**** INPUT FOR THIS TASK ****

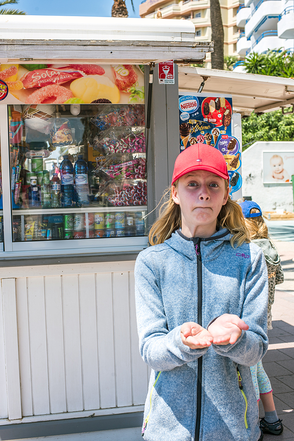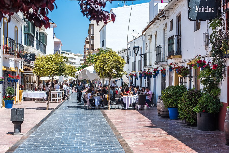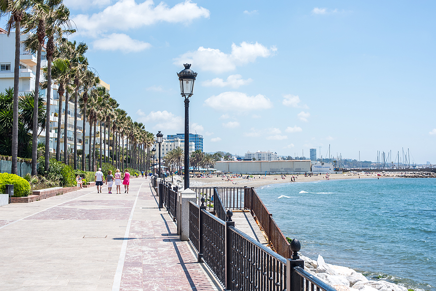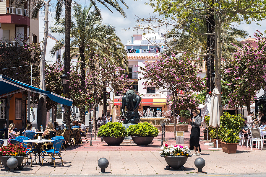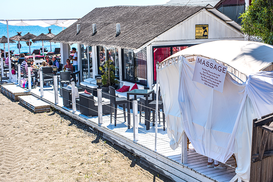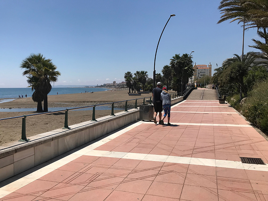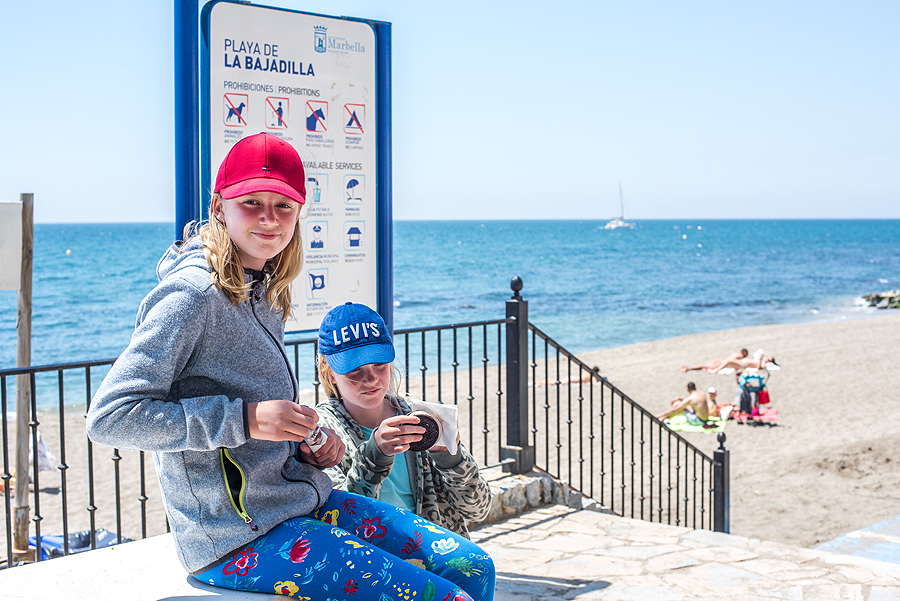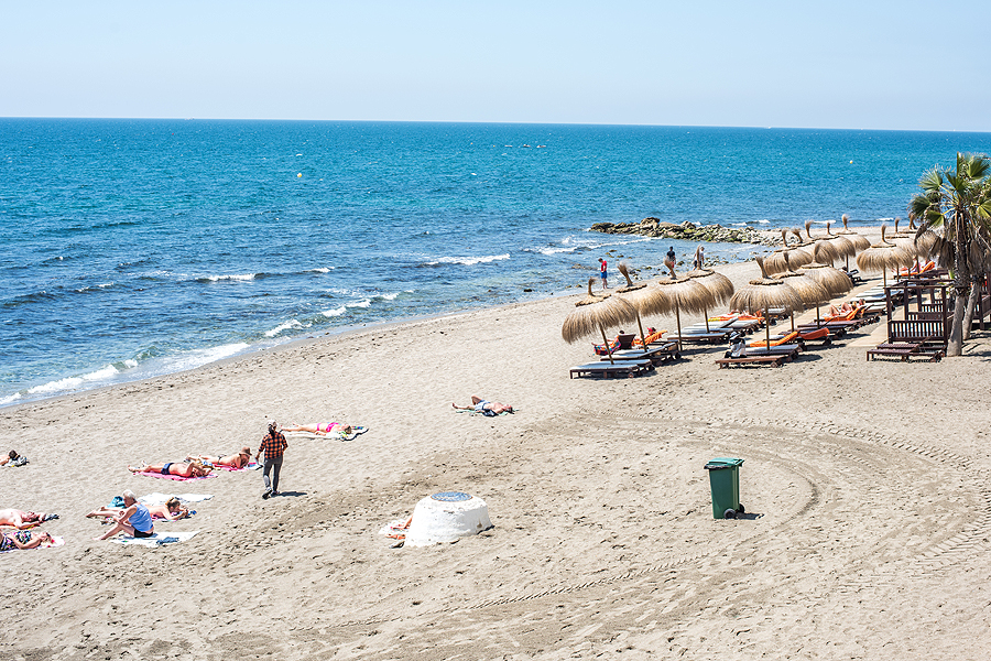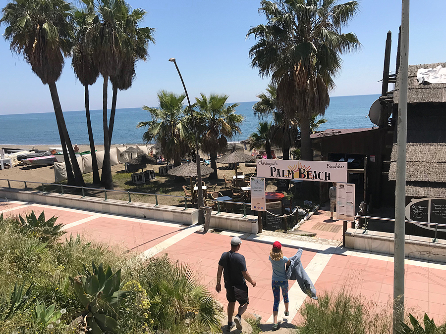 Išlipame Marbelloje požeminiame parkinge ir tik pakilus laipteliais užkalbina vyras, sako "ar jūs kalbate rusiškai?" Mes: "Taip". Tada pradeda, jis vargšas, blablabla, duokit pinigų. Įspūdis jau nekoks. Einame į krantinę, apžiūrėti pliažų. Įspūdis vėl ne koks. Šiukšlina, tamsus nešvarus smėlis, kaip stambus žvyras, paplūdimys platus, kažkokių sandėlių, garažų pristatyta šalia promenados ir pliažo, žmonių dar nedaug, saulė kepina. Pilna visokiausių gyvenamųjų kompleksų viešbučių ir t.t. vienų už kitą gražesnių. Užpavydėjau tik vieniems, sėdintiems džakudzi vonioje netoli promenados esančio viešbučio kieme šalia baseino.
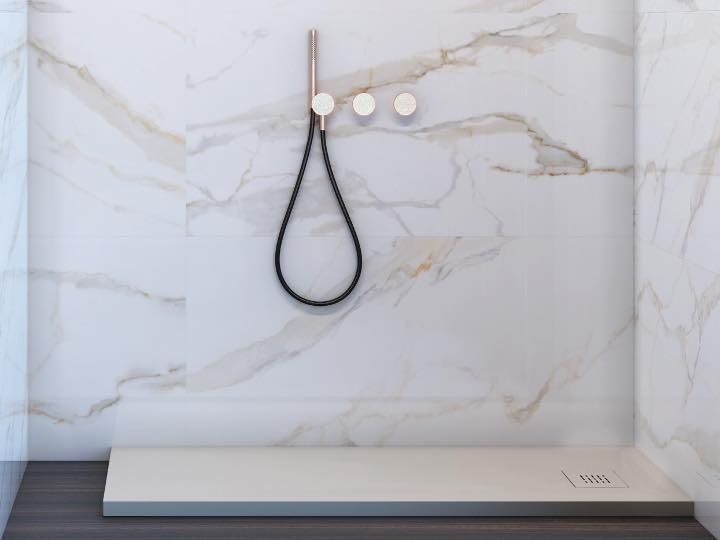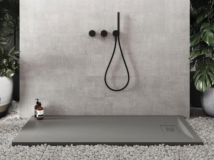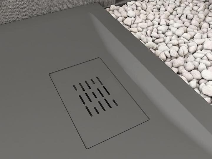 De douchebak is schuldig, tot 20 cm. Een vlakke rand aan het einde van de douchebak zorgt voor deze reductie, zonder de afvoerhellingen te beschadigen.
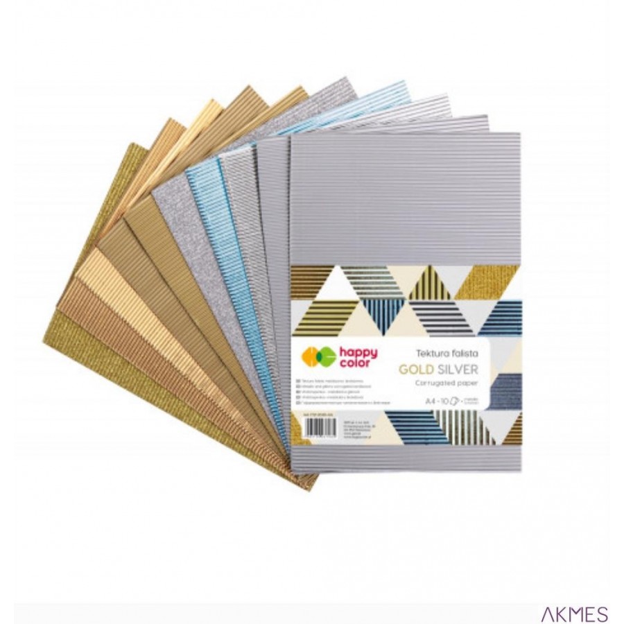 Tektura falista MIX GOLD/SILVER, A4, 10 ark, metallic, brokat, HAPPY COLOR HA 7721 2030-GS
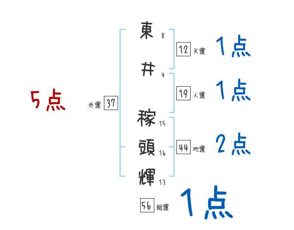 外運![]() | 東井稼頭輝さんの外運は37画の5つ星!努力家で順応性に優れる。現実的な考え方ができ忠実に物事をこなす。 生活面を象徴する運勢です。外部から受ける影響力を表し、結婚運、家庭運や職場、環境への順応性を表します。 |
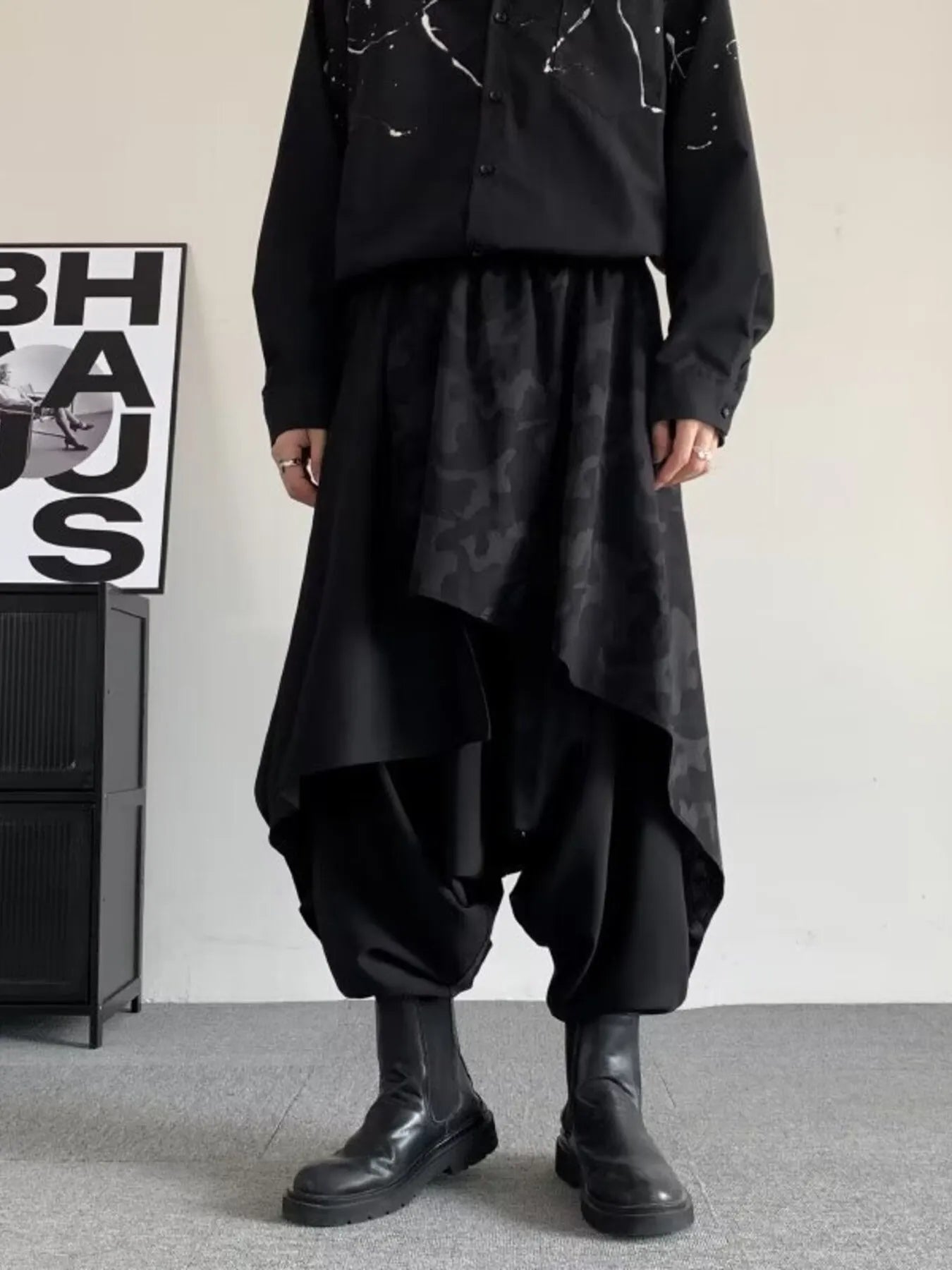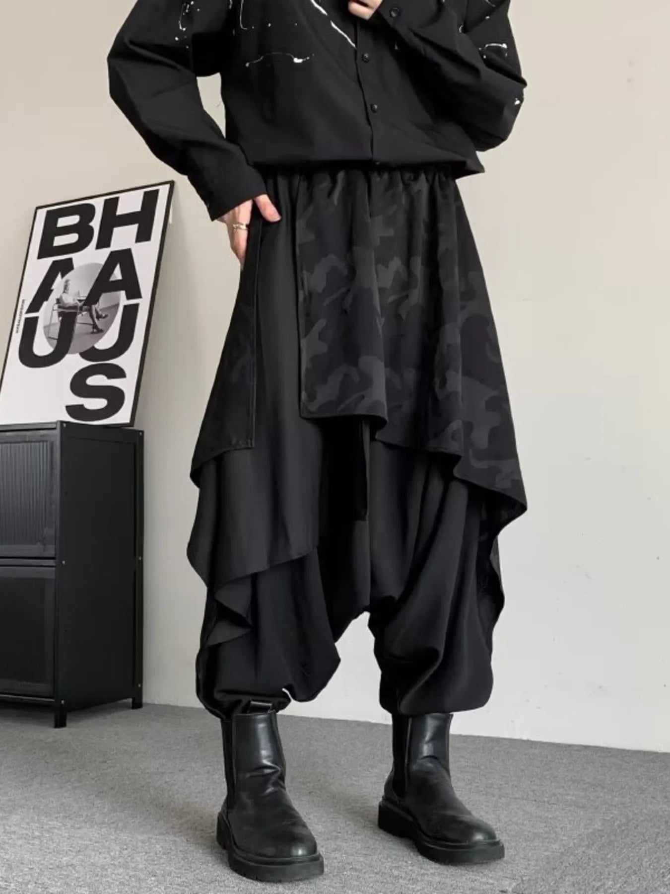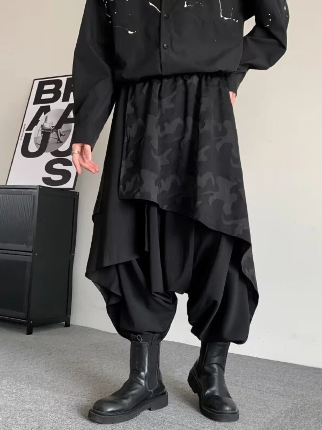 Men's Plus Size Asymmetrical Camo Waist Harem Pants
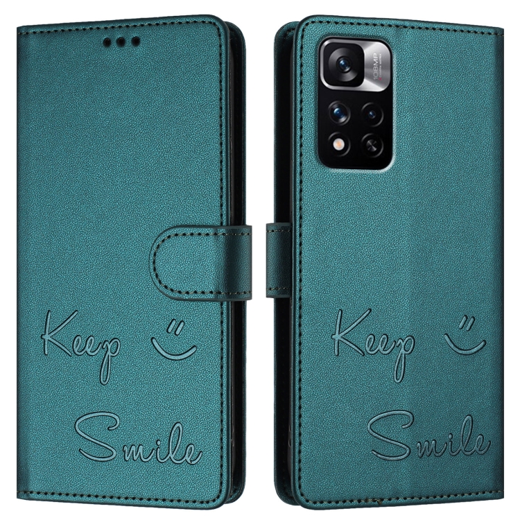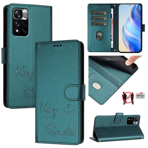 Funda de Cuero Rfid con Relieve de Sonrisa para Redmi Note 11 Pro+ 5G Eu (Verde Pavo Real)
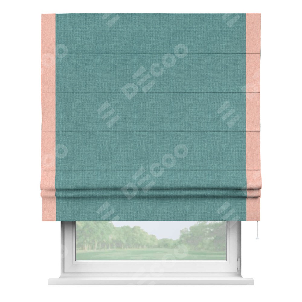 Римская штора производителя «Cortin», используется для проёма, пошита из ткани лён бирюза, артикул 7446. Отделка шторы кантом «Стрим Дуо», ткань для канта используется из льна разной расцветки на выбор. Имеет универсальный механизм и подходит для монтажа: на потолок, на стену и в нишу.
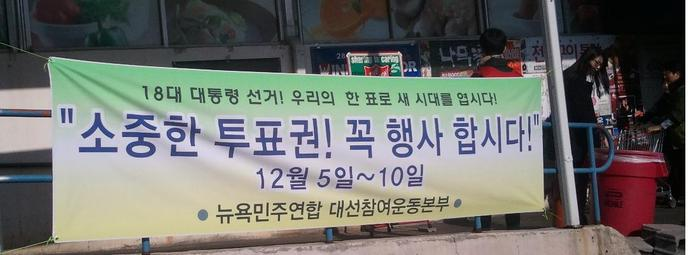 ▲ 뉴욕 한인타운에 내건 투표참여 홍보 현수막 ©민주회의
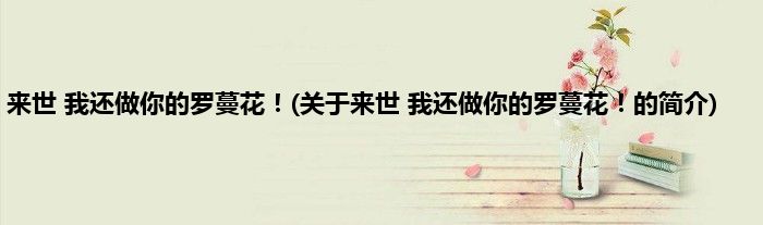 大家好,来世,我还做你的罗蔓花!,关于来世,我还做你的罗蔓花!的简介很多人还不知道,现在让我们一起来看看吧!
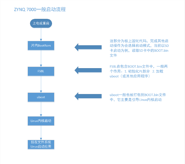 从上面的启动流程可以看到,其实ZYQN7000系列产品虽然是FPGA和SOC的结合体,但是它的启动还是和普通SOC启动很类似的,唯一的一个不同点就是增加了一个FSBL的过程。不过在实际开发中,正式由于FSBL阶段的引入导致ZYQN7000的开发复杂了很多,有很多都是需要软硬件相互交互的东西。

****

* REQUIRED ACTION
In the records above, locate the line containing "Римская штора производителя", then copy exactly that line and every line after it through the end, omitting pictures.

* ANSWER TO THE EXERCISE
 Римская штора производителя «Cortin», используется для проёма, пошита из ткани лён бирюза, артикул 7446. Отделка шторы кантом «Стрим Дуо», ткань для канта используется из льна разной расцветки на выбор. Имеет универсальный механизм и подходит для монтажа: на потолок, на стену и в нишу.
 ▲ 뉴욕 한인타운에 내건 투표참여 홍보 현수막 ©민주회의
 大家好,来世,我还做你的罗蔓花!,关于来世,我还做你的罗蔓花!的简介很多人还不知道,现在让我们一起来看看吧!
 从上面的启动流程可以看到,其实ZYQN7000系列产品虽然是FPGA和SOC的结合体,但是它的启动还是和普通SOC启动很类似的,唯一的一个不同点就是增加了一个FSBL的过程。不过在实际开发中,正式由于FSBL阶段的引入导致ZYQN7000的开发复杂了很多,有很多都是需要软硬件相互交互的东西。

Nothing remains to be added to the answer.